2.3.1. Experiment 1 – natural frequency

This consists of applying a mechanical stimulation by pushing approximately the geometric center of the plant stem, as it was previously done in leaves by Sano et al., 2015.14 However,instead of stimuli one leaf, stem was pushed. This practice contemplates the mechanical principle statement of no matter the force with which it is pushed after mechanical stimulation, the subsequent oscillation frequency is always the same and it was measured with the two abovementioned lasers. The average of plant heights was of 57 cm (the longitude considered for the natural frequency calculated by the formula). The single point laser was used as a reference to discard noise signals from the ground, air vibrations, and electrical interference from the instrument were diminished according to metrology standards recommended by the Physic Department – Acoustics and vibration laboratory from the National Center of Metrology CENAM.

2.3.1.1. The equation of natural frequency for theoretical calculation

The natural frequency [fn] estimation of a cantilever beam with uniform load (w) per unit of length, proposed by Young, Budynas, & Sadegh, 200215 (see equation 1) was used to calculate the fn of plants. The values utilized were those from dehydrated cell walls and its tensile modules between 1.9 and 4.9 Mpa (Kn), also, several constant values were replaced in the formula as Kn, referring a constant where n refers to the mode of vibration; I, the area moment of inertia; l, the length of the shaft; E the modulus of elasticity and w: Uniform load

fn=Kn2πEIgwl4 (1)

2.3.2. Experiment 2 – vibrational analyze of low frequencies from C. annuum plants

A vibrational behavior was measure in a bandwidth from 0 to 50 Hz from stable plants (without pushing mechanical stimulus) to discard additional effects from external mechanical forces and recognize the vibrational pattern from C. annuum plants in a stable position.

2.4. Chlorophyll content measurements

The chlorophyll measurements were conducted using leaf tissue. The data were recorded from the same group of plants before sampling, using a SPAD-502 meter (Konica-Minolta, Japan). Three independent SPAD measurements were made per hydric stress treatment. To transform the SPAD values into chlorophyll content (µmol·m−2) and recalculated according the method used by Richardson et al., 2002.16 Results were calculated using the formula: (SPAD value ^ 0,264). The data is expressed as (µmol·m−2).

3. Statistics

Samples were randomized among the three hydric stress levels (N = 3). For the spectrogram preparation, the vibration data with frequencies below 0.8 Hz and above 20 kHz were removed. The statistical analyses were done using the comparison of three means by the Tukey test from JMP 11.

4. Results and discussion

4.1. Capsicum annuum plants under three levels of hydric stress

Initially, the classification of irrigation conditions was settled by stopping the irrigation in order to identify vibrational waves according to the range of hydric stress levels. Thus, the initial soil state was normalized at 75% of field capacity before stopping the regular irrigation and creating the experimental conditions needed to perform measurements.

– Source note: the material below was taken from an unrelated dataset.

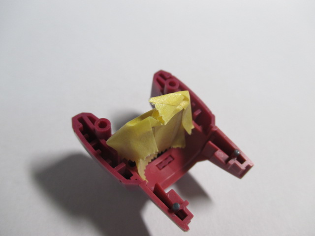 RGズゴックはスライドしてフレームに差し込む部分が多いので、塗装が乗ると後ではがすのが手間なので、直感でマスキングしておきます。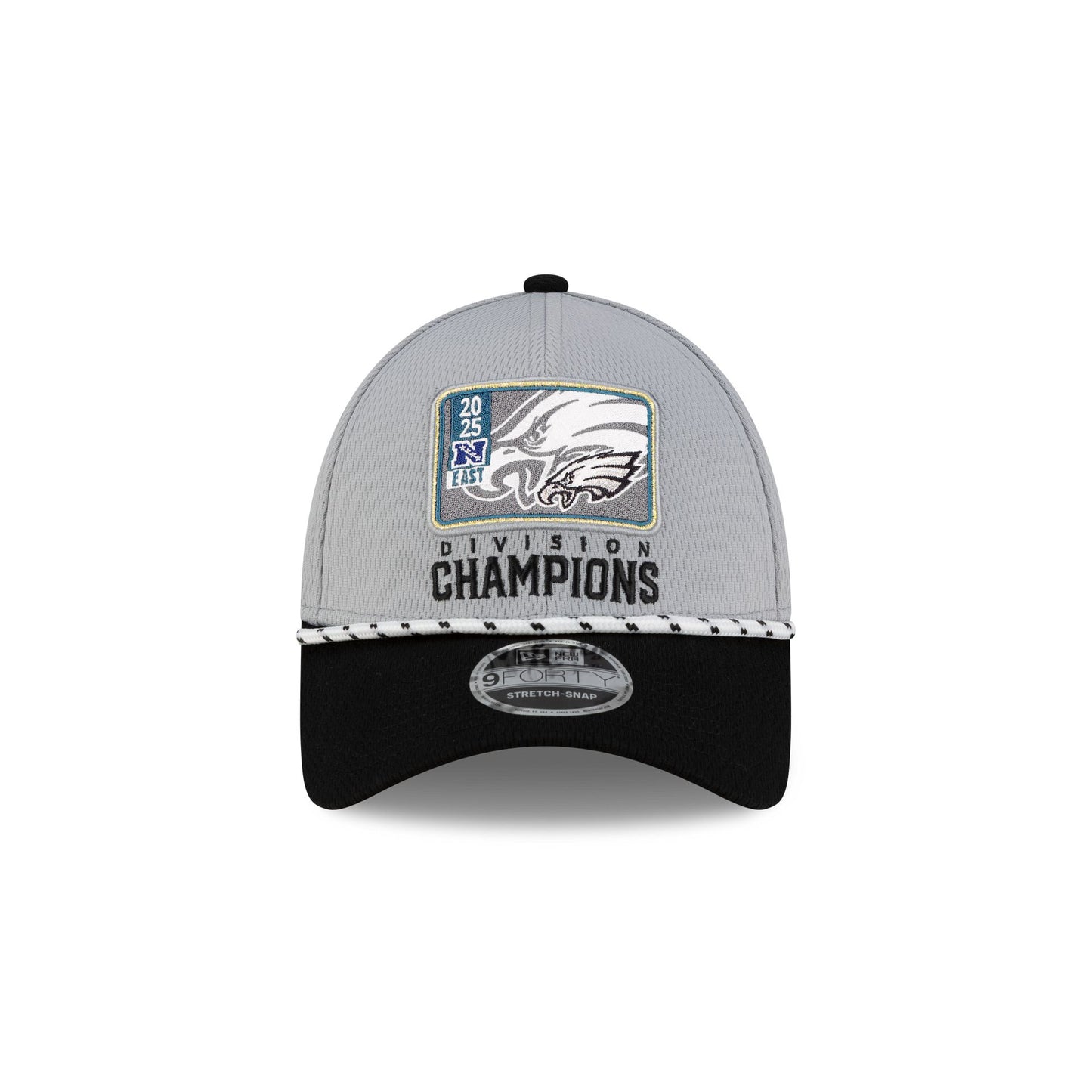 The Philadelphia Eagles 2025 Division Champion Locker Room 9FORTY Stretch-Snap Cap features an embroidered Eagles NFC East patch above a Division Champions wordmark at the front panels with an NFL Shield above a stretch-snap closure at the rear, a black visor, and a gray undervisor.

Then, additional parameters, such as the hydric potential (MPa) and chlorophyll content, were measured (seen Table 1) to characterize the hydric stress levels of plants into low, medium, and high (LHS, MHS, and HHS, respectively). The matric potential of each hydric stress level was established as a range of 0 to 9 centibars/kPa for LHS, 10 to 20 centibars/kPa for MHS, and >20 centibars/kPa for HHS. The chlorophyll content was 427 µmol·m,−2 220 µmol·m,−2 and 130 µmol·m−2 for LHS, MHS, and HHS, respectively. Establishing these ranges was necessary for the classification of the hydric status to provide an additional physiological classification linked to the vibrational frequency pattern.

In the present study, the vibration terminology we will refer that the fundamental frequency as simply the lowest natural frequency. Thus, in physics and mechanical concepts, the fundamental frequency is defined as the lowest possible frequency, among all the natural frequencies, as the one found of our vibrating plant samples. Not because it is a unique one but because it’s the one first detected after the mechanical stimuli applied.17

It is possible that other natural frequencies can be multiples or harmonics of the fundamental frequency.18 The natural frequency is dependent on the mass and rigidity, which are water-dependent and define a physiological condition in vegetative materials such as plants. Following the physical fundament, the water content affects the mass and rigidity of the biological structures. The presence of water in plants is a consequence of the dynamic interactions that are dependent on evapotranspiration rates, relative humidity, temperature, and irrigation in crops.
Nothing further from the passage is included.